Chart = Better Position Trading

Position Trading

What is position trading?

It is a trading approach that aims to profit from the medium to long term trends in the financial markets. Moreover, it is a prolonged swing trading that goes beyond the medium term. A typical position trade can remain in place for a quarter or year. Though it is a type of investments, it does not last more than
a core investing. Note that a typical investment may last for four years or more.

Position Trading Masters

Amongst those masters are the hedge
funds, big financial institutions (banks) and private professional traders.
That group is also subdivided into two:

1/ Technical position traders 

who use advanced technical trading tools such as

a/ Fibonacci,
b/ Elliott wave principle market forecast,
c/ the surge in trading volume,
d/ predictive fractal patterns,
e/ and other proprietary trading systems.

2/ Fundamental traders

Really, a position trader is a fundamental traders. He or she does not primarily rely on technical indicators such as MACD, stochastic, RSI, price patterns or the advanced technical trading tools like the technical position traders.

Instead, fundamental traders use the fundamentals such as the balance sheet, financials, economic news, market sentiment, market indicators, geopolitical factors and the central banks' policies to put in place a resilient position trading strategy.

Position Trading Example One

It is about how to position trade as
a technical trader. Indeed a technical position trader often uses three time frames:
1/ the quarterly chart (for the trading set-up)
2/ three-day chart (for the trading signal)
3/ and the three-hour chart for the trade entry.

Note that others technical traders also use the same method with the following time frames:
Quarterly, weekly and four-hour charts or
quarterly, three-day and four-hour charts.

As a professional position trader, one will validate the quarterly technical trading set-up on the yearly chart before waiting for clear cut trading signals on the weekly chart.

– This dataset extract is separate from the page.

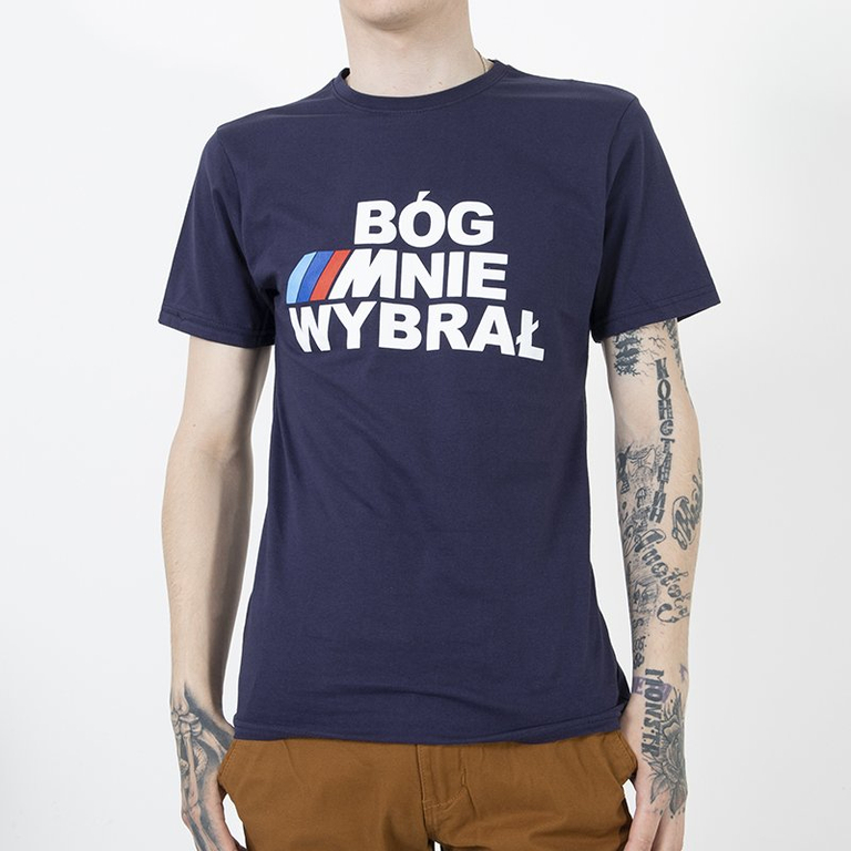 Tricou bărbătesc din bumbac albastru cu imprimeu - Îmbrăcăminte

Position Trading Example Two

It is about how to position trade using the fundamentals.
After the bearish financial crisis of 2008, the US Federal Reserve began a never seen before devaluation of the US. Dollar
at the start of 2009 (quantitative easing or low interest monetary policy). Consequently, US wealth managers transferred funds into other favourable parts in the world (Brazil, Switzerland, Japan and China). They also bought commodities (such as gold and silver) and US blue chip stocks.

Moreover,  smart position traders who spotted the bullish money flow in those sector timely took positions
accordingly by

a/ buying commodities,
b/ selling the US Dollar,
c/ and buying US stocks.

Note that those position trades were very profitable as the long term investors also took positions.

What Does It Take To Become A Position Trader?

One does not become a competent position trader by chance alone or by skipping the ultimate basics of a professional position trading requirements such as:

1/ Thorough understanding of how the financial markets work (outflows and inflows of money in the markets).
2/ Thorough understanding of each group of financial market participants.
3/ Hands on grasp of market cycles.
4/ In possession of large sum of money to survive the drawbacks in this messy financial markets.
5/ Ability to recognize overbought or oversold assets before it is too late.
6/ A disciplined solid money management.
7/ A sharp competence in market timing without which one may be right but lose.
8/ The ability to adopt a robust defensive position trading strategy or hedging.
9/ Be humble to accept losses before they grow big.
10/ Being ready to harvest profit in due course without leaving too much money on the table.
11/ Always using a top-down trading method (for technical position trading).
12/ Be able to combine the technical analysis and fundamentals.

13/ Adopting the mindset of the professional position traders and deploying

the tools that they use in the financial markets.